Each month, ACH President Jenni Levy, MD, FACH addresses ACH members through her president's message, sharing updates, goals, and information to keep members engaged and involved in the Academy.
Those of us in the US are recovering from Thanksgiving. We spend the weekend traveling and cooking as we try to create traditions for our kids and either replicate the warm memories of childhood or avoid the conflicts our parents visited on us. I remember sitting at the big table in my grandmother’s house listening to people argue about whether my mother’s contribution was sweet potatoes or yams. While the grownups were arguing, the kids were eating the marshmallows off the top. There are no marshmallows at our Thanksgiving table these days, but there is something called Orange Elephant, which is part of our friend Mark’s family Thanksgiving – and now part of ours.
If you’ve never experienced an American Thanksgiving, you may be wondering why it’s necessary to recover from a holiday. There are lots of answers – too much food, too much alcohol, too little sleep, too much traffic – but I think the connecting thread is “expectation.” We expect Thanksgiving to be picture-perfect. We have an image in our mind and if we don’t meet it, we are disappointed and often angry, even though that image is as unreachable as a mirage in the desert. The gap between expectation and reality creates tremendous distress.

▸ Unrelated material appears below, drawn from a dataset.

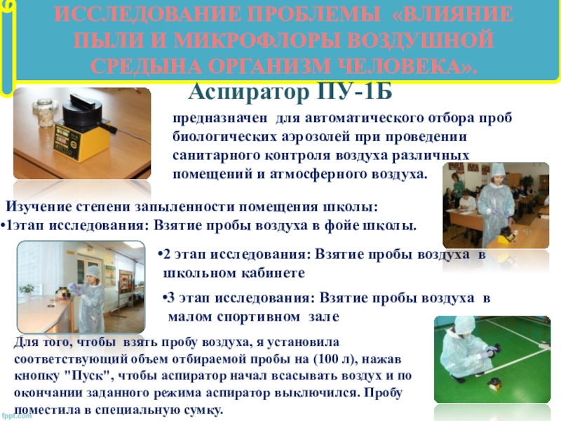 Для того, чтобы взять пробу воздуха, я установила соответствующий объем отбираемой пробы на (100 л), нажав кнопку "Пуск", чтобы аспиратор начал всасывать воздух и по окончании заданного режима аспиратор выключился. Пробу поместила в специальную сумку.

If you spend any time in conversation with US clinicians, you know that expectations are creating distress in medical practice as well. Primary care clinicians feel overwhelmed and pressured by what they often call patient “demands.” Antibiotics for viral illness, work notes, disability forms, MRI scans for minor back pain, and, most of all these days, opioids. I’m sure many of you can add to that list. Our colleagues know they are being rated and often paid based on patient satisfaction and they feel the easiest way to great ratings would be to give patients what they want; they also know that in many instances, that would be terrible medical care. They are torn between surviving their busy days and keeping their jobs and being responsible professionals. Specialists have their own versions of expectation anxiety. Thanksgiving expectations come only once a year; patient expectations show up every fifteen minutes. It’s exhausting and demoralizing. When I ask colleagues what they want to do differently, they have a hard time answering. What they really want is for the patients to be different. We have no control over that. We can’t change other people. If we could, Thanksgiving would be very different.

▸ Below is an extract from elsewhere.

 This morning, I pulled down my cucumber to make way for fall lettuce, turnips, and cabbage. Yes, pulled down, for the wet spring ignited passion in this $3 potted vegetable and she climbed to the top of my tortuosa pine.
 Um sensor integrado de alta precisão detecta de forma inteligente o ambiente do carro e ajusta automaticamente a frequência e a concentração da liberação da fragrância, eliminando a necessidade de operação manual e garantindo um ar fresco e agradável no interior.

Are we thus doomed to Thanksgivings of anxiety and disappointment and the sense of dreading our own patients when we go back to work? Nope. The same skills can help us in both situations. We can’t change other people’s expectations, but we can change our own. We can meet people where they are – both our patients and our parents. This requires us to be aware of our own emotions and to set aside our visceral reactions so we can listen with true attention and speak empathically. With patients, we can ask about concerns and expectations to understand what’s driving that infuriating demand.
We can often validate the underlying concern with both family and patients. My great-aunt constantly asked me when I was going to have a baby. That was a sore subject for me and not something I wanted to discuss with the whole family. I dodged her questions and fumed to myself. Now, years later, I wish I’d asked her why she asked. Maybe she couldn’t think of anything else to say to me – she’d never been a medical resident. Maybe she was worried about whether we’d raise our kids Jewish. Maybe she really wanted to tell me stories about the days when she had babies, or when my mother was an infant. I still wouldn’t have answered the question, but she would have appreciated acknowledgment and understanding, and maybe the questions would have stopped.
When the next patient tells you she needs a Zpak for what you know is a viral infection, ask what she’s concerned about. Maybe she can’t take any sick days and is afraid she’ll lose her job. Maybe she has a friend who was hospitalized with pneumonia and she’s afraid of worsening illness. Maybe she got one last time and got better right away. Asking the question will shift the dynamic; she is more likely to feel heard and to appreciate that you want to do the best thing for her.
In order to use these skills effectively, we have to take care of ourselves. Fatigue and perfectionism wear us down. The systems (both family and professional) push us into patterns that are not healthy for us. Our own relationships can be sustaining and nurturing – but creating those is one more thing to cram into a busy life.
We still need to set boundaries with family and we still need to say “no” to patients. If we can do so empathically, we can find a path through the disagreement that doesn’t compromise our principles. Of course this doesn’t work all the time – some patients will still be dissatisfied and some family members will continue to ask intrusive questions. If we adjust our own expectations and explore theirs, we can move more comfortable through difficult encounters, whether those encounters are with the 4:30 add-on patient or intrusive Aunt Dresyl*.
*I did actually have a great-aunt named Dresyl. For real.